The patch works mostly by checking if DECL_READ_P is clear at some point and
then clearing it again after some operation which might have set it.
-Wunused or -Wall or -Wunused -Wextra or -Wall -Wextra turn on the 3 level
of the new warning (i.e. the one which ignores also var++, ++var etc. as
well as var @= expr), so does -Wunused-but-set-{variable,parameter}, but
users can use explicit -Wunused-but-set-{variable,parameter}={1,2} to select
a different level.
2025-07-15 Jakub Jelinek <jakub@redhat.com>
Jason Merrill <jason@redhat.com>
PR c/44677
gcc/
* common.opt (Wunused-but-set-parameter=, Wunused-but-set-variable=):
New options.
(Wunused-but-set-parameter, Wunused-but-set-variable): Turn into
aliases.
* common.opt.urls: Regenerate.
* diagnostic-spec.cc (nowarn_spec_t::nowarn_spec_t): Use
OPT_Wunused_but_set_variable_ instead of OPT_Wunused_but_set_variable
and OPT_Wunused_but_set_parameter_ instead of
OPT_Wunused_but_set_parameter.
* gimple-ssa-store-merging.cc (find_bswap_or_nop_1): Remove unused
but set variable tmp.
* ipa-strub.cc (pass_ipa_strub::execute): Cast named_args to
(void) if ATTR_FNSPEC_DECONST_WATERMARK is not defined.

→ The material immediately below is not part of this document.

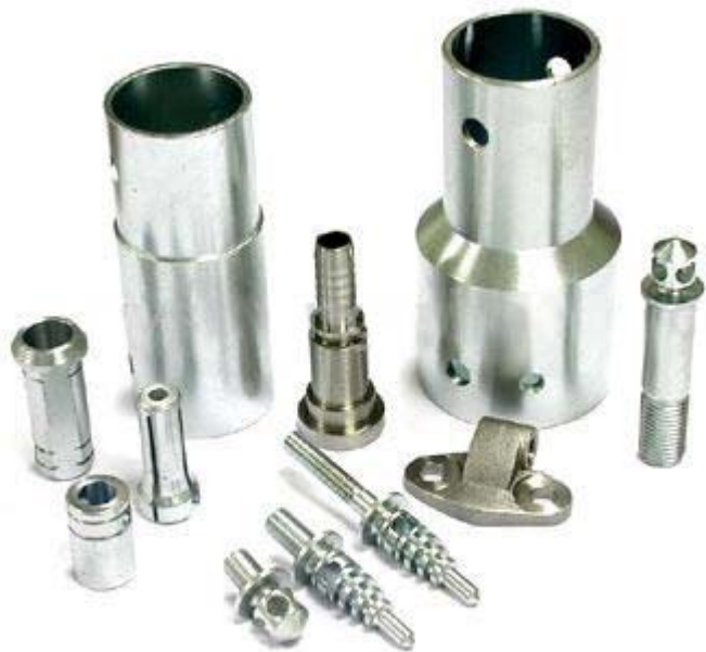
aluminum stamping part-02

* doc/invoke.texi (Wunused-but-set-parameter=,
Wunused-but-set-variable=): Document new options.
(Wunused-but-set-parameter, Wunused-but-set-variable): Adjust
documentation now that they are just aliases.
gcc/c-family/
* c-opts.cc (c_common_post_options): Change
warn_unused_but_set_parameter and warn_unused_but_set_variable
from 1 to 3 if they were set only implicitly.

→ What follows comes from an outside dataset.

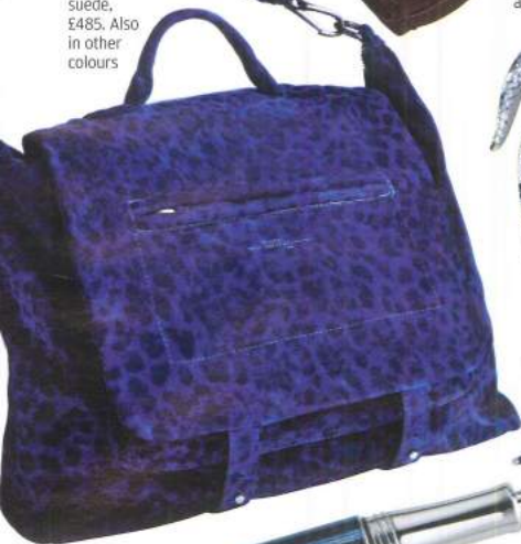
Jérôme Dreyfuss satchel in suede, £485. Also in other colours

* c-attribs.cc (build_attr_access_from_parms): Remove unused
but set variable nelts.
gcc/c/
* c-parser.cc (c_parser_unary_expression): Clear DECL_READ_P
after default_function_array_read_conversion for
-Wunused-but-set-{parameter,variable}={2,3} on
PRE{IN,DE}CREMENT_EXPR argument.
(c_parser_postfix_expression_after_primary): Similarly for
POST{IN,DE}CREMENT_EXPR.
* c-decl.cc (pop_scope): Use OPT_Wunused_but_set_variable_
instead of OPT_Wunused_but_set_variable.
(finish_function): Use OPT_Wunused_but_set_parameter_
instead of OPT_Wunused_but_set_parameter.

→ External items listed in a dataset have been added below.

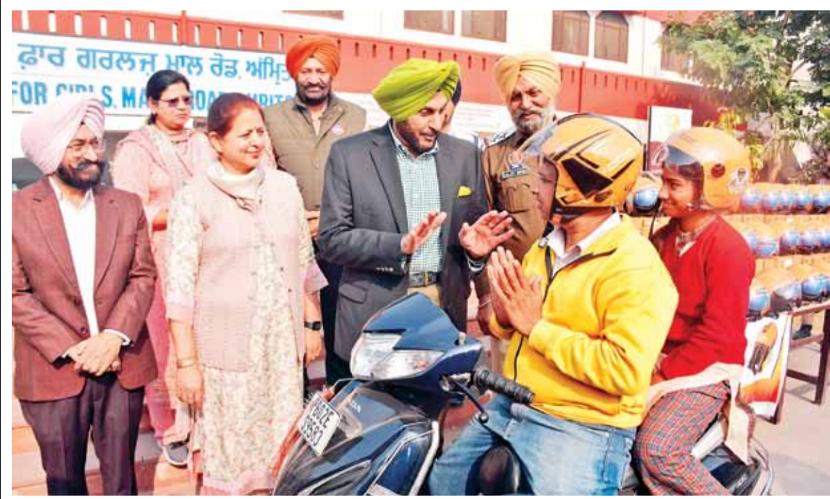
Punjab police personnel distribute helmets to schoolgirls during a road safety campaign at a government school in Amritsar on Wednesday. Schoolgirls hold helmets distributed by Punjab police personnel during a road safety campaign at a government school in Amritsar on Wednesday. Schoolgirls wear helmets distributed by Punjab police personnel during a road safety campaign at a government school in Amritsar on Wednesday.
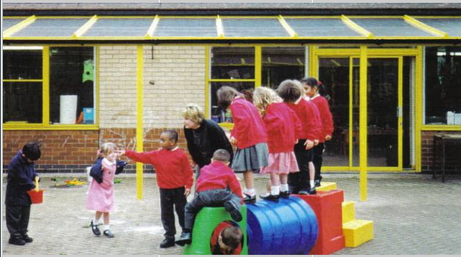
Lean-to Meridian Canopies outside two schools.
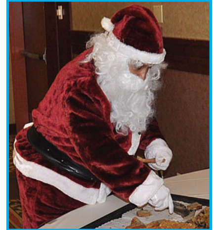
ELDERS CHRISTMAS DINNER - NORTHER LIGHTS CASINO & EVENT CENTER
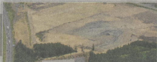
Parcel 6 Keystone Ave. • CenterPoint East 32.12 acres • Building size: 259,200 Sq. Ft.
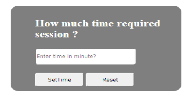
Figure 1.how much time require for session start

Website: <u>www.ijirset.com</u> Vol. 6, Issue 5, May 2017
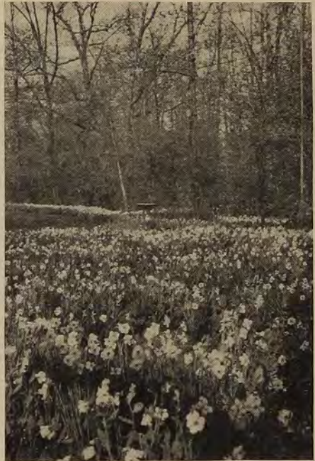
DAFFODILS IN THE WOODS

When spring cleaning in the garden, do not burn the trash. Use it for compost.

* c-typeck.cc (mark_exp_read): Handle {PRE,POST}{IN,DE}CREMENT_EXPR
and don't handle it when cast to void.
(build_modify_expr): Clear DECL_READ_P after build_binary_op
for -Wunused-but-set-{parameter,variable}=3.
gcc/cp/
* cp-gimplify.cc (cp_fold): Clear DECL_READ_P on lhs of MODIFY_EXPR
after cp_fold_rvalue if it wasn't set before.
* decl.cc (poplevel): Use OPT_Wunused_but_set_variable_
instead of OPT_Wunused_but_set_variable.
(finish_function): Use OPT_Wunused_but_set_parameter_
instead of OPT_Wunused_but_set_parameter.
* expr.cc (mark_use): Clear read_p for {PRE,POST}{IN,DE}CREMENT_EXPR
cast to void on {VAR,PARM}_DECL for
-Wunused-but-set-{parameter,variable}={2,3}.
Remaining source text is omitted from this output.